SUPREME COURT OF QUEENSLAND

PARTIES:

FILE NO/S:

DC No 645 of 2005

Court of Appeal

PROCEEDING:

Sentence Application

ORIGINATING COURT:

DELIVERED ON:

10 November 2006

DELIVERED AT:

Brisbane

HEARING DATE:

27 October 2006

JUDGES:

Williams, Jerrard and Holmes JJA

Separate reasons for judgment of each member of the Court, each concurring as to the orders made

ORDER:

1. The application for leave to appeal against sentence is allowed
2. The appeal against sentence is allowed
3. The sentence imposed for torture is varied by setting aside the 10 years imprisonment and ordering instead that the applicant be sentenced to seven and a half years imprisonment
4. The serious violent offender declaration and the declaration that 451 days spent in pre-sentence custody from 14 September 2004 until 9 December 2005 is time already served, will stand

CATCHWORDS:

CRIMINAL LAW – APPEAL AND NEW TRIAL AND INQUIRY AFTER CONVICTION – APPEAL AGAINST SENTENCE – APPEAL BY CONVICTED PERSONS – APPLICATIONS TO REDUCE SENTENCE – WHEN REFUSED – PARTICULAR OFFENCES – OTHER OFFENCES – sentence required reconsideration – sentenced to 10 years imprisonment for torture, five years for rape and two years for assault – whether torture sentence is manifestly excessive

R v B; ex part A-G [2000] QCA 110; CA No 379 of 1999, 4 April 2000, considered

R v Rankmore; ex parte A-G (Qld) [2002] QCA 492; CA Nos 223 of 2002, 285 of 2002, 288 of 2002, 15 November 2002, considered

COUNSEL:

G Long for the applicant/appellant

M J Copley for the respondent

SOLICITORS:

Legal Aid Queensland for the applicant/appellant

Director of Public Prosecutions (Queensland) for the respondent

[1]  Williams ja:  I agree with the sentence proposed by Jerrard JA in his reasons, and I also agree with his reasoning.

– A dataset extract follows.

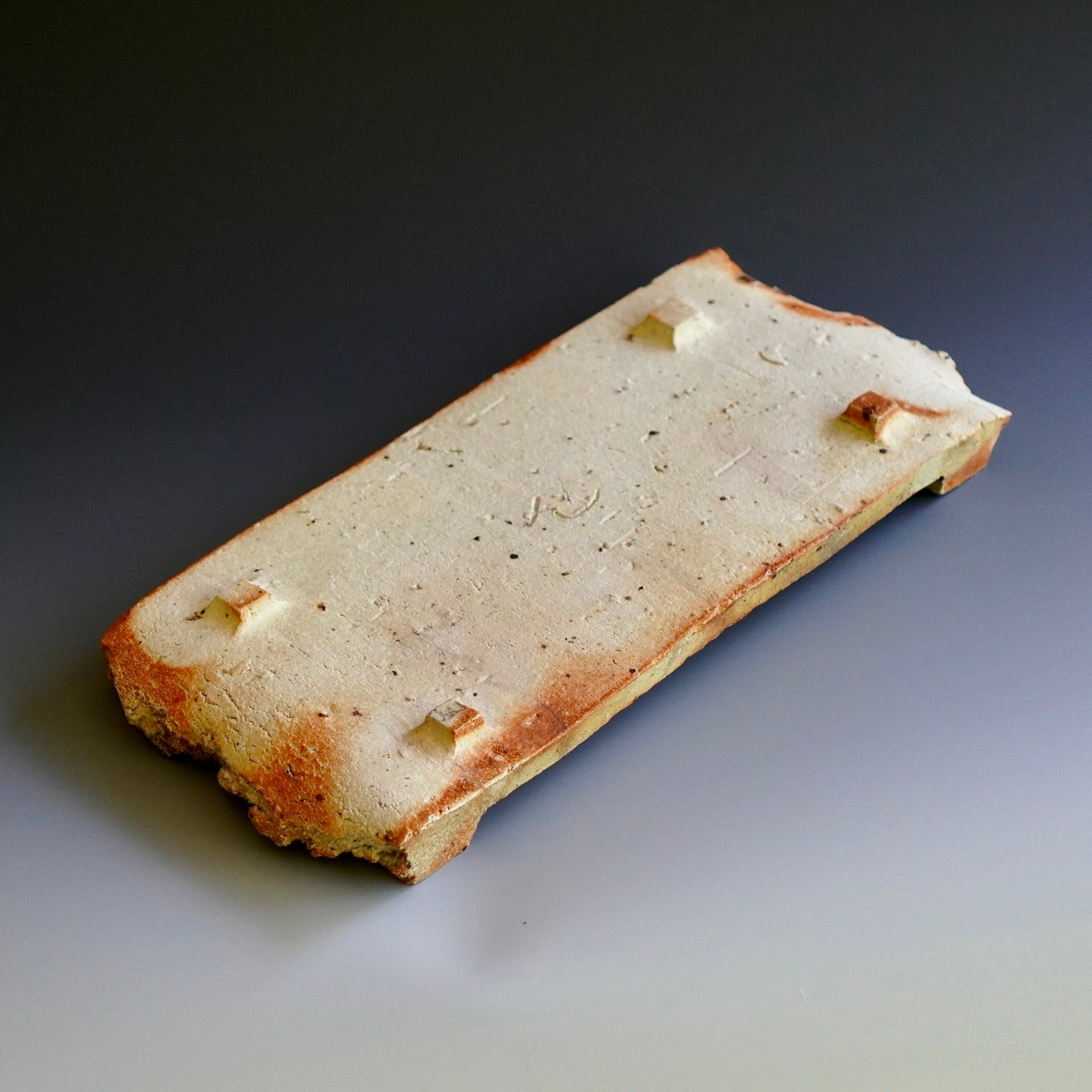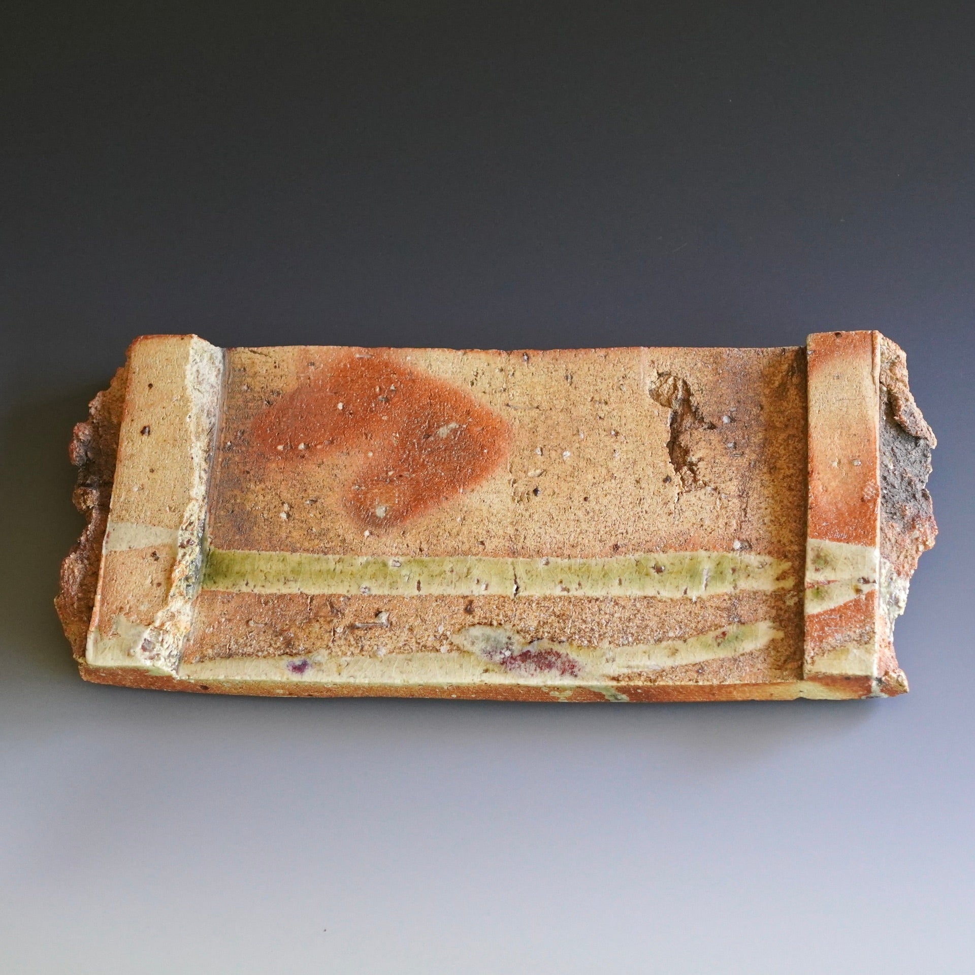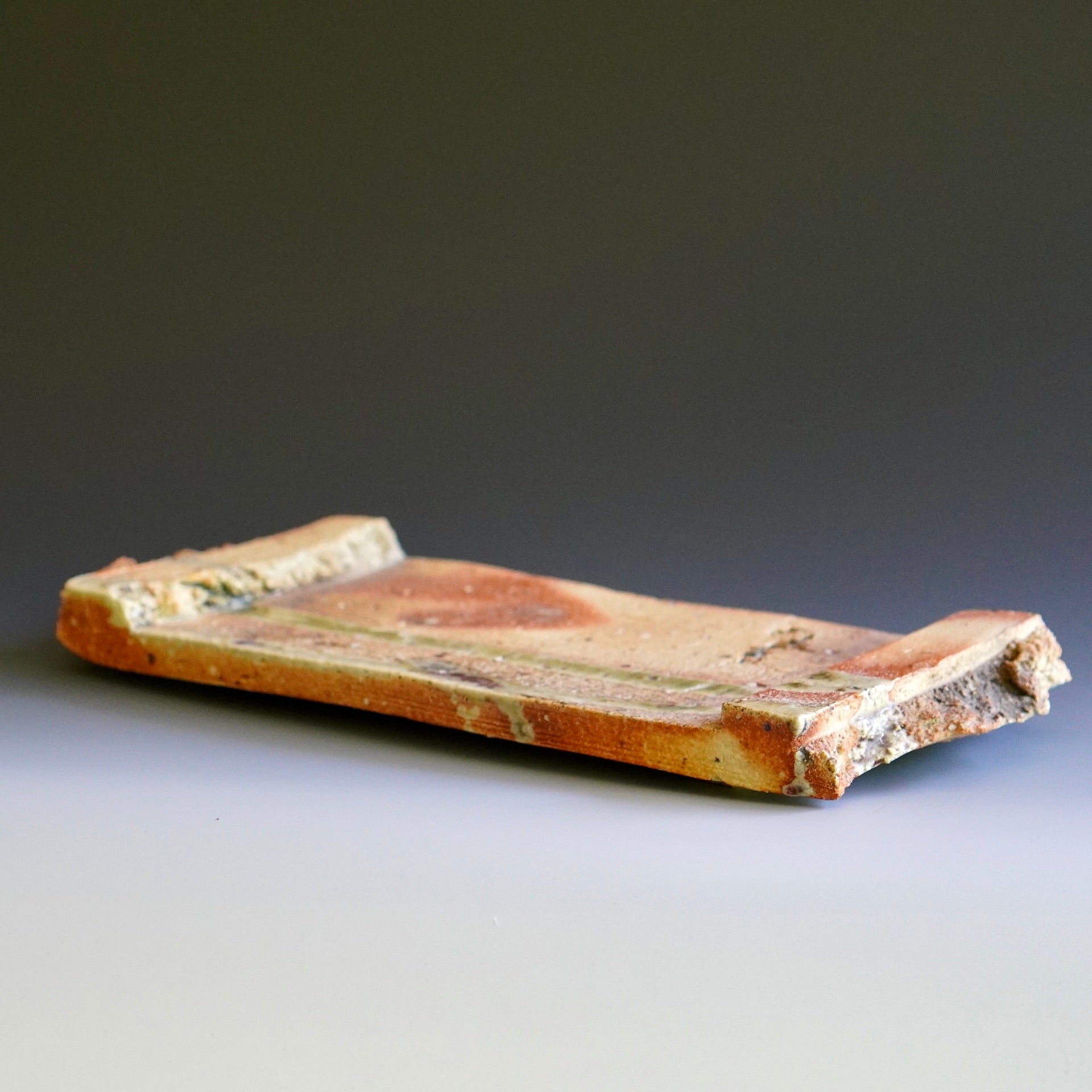 Sculpture - Natural wood ash, Woodfired, Oribe glazeNatural wood ash: pottery surface is left unglazed and takes on color and markings during the firing from the melted wood ash12.5 x 4.25 x 1.25h inchesShipping and Policy(w-501)

[2]  JERRARD JA: On 11 August 2006 this Court dismissed an appeal by Mr HAC against his conviction for torture, and requested further submissions on an application for leave to appeal against his sentence.  That was done because the conviction was upheld on the ground that what Mr HAC admitted doing to his former wife, and what his daughters described him doing to his former wife, understood in light of the intention he admitted, constituted an offence of torture on which the jury could properly convict him.  That offence constituted by those matters admitted by Mr HAC or witnessed by his daughters was a little less horrific than the totality of the circumstances of the offence of torture described by the victim, Mr HAC’s wife.  The reasons for judgment in the conviction appeal explain why the conviction was upheld on the more limited basis.  The sentence originally imposed, 10 years imprisonment, therefore needs reconsideration, and Mr HAC has applied for leave to appeal the sentences imposed on him, of 10 years for torture, five years for rape, and two years for assault occasioning bodily harm.  No argument was presented about the concurrent sentences for rape and assault, and those will stand.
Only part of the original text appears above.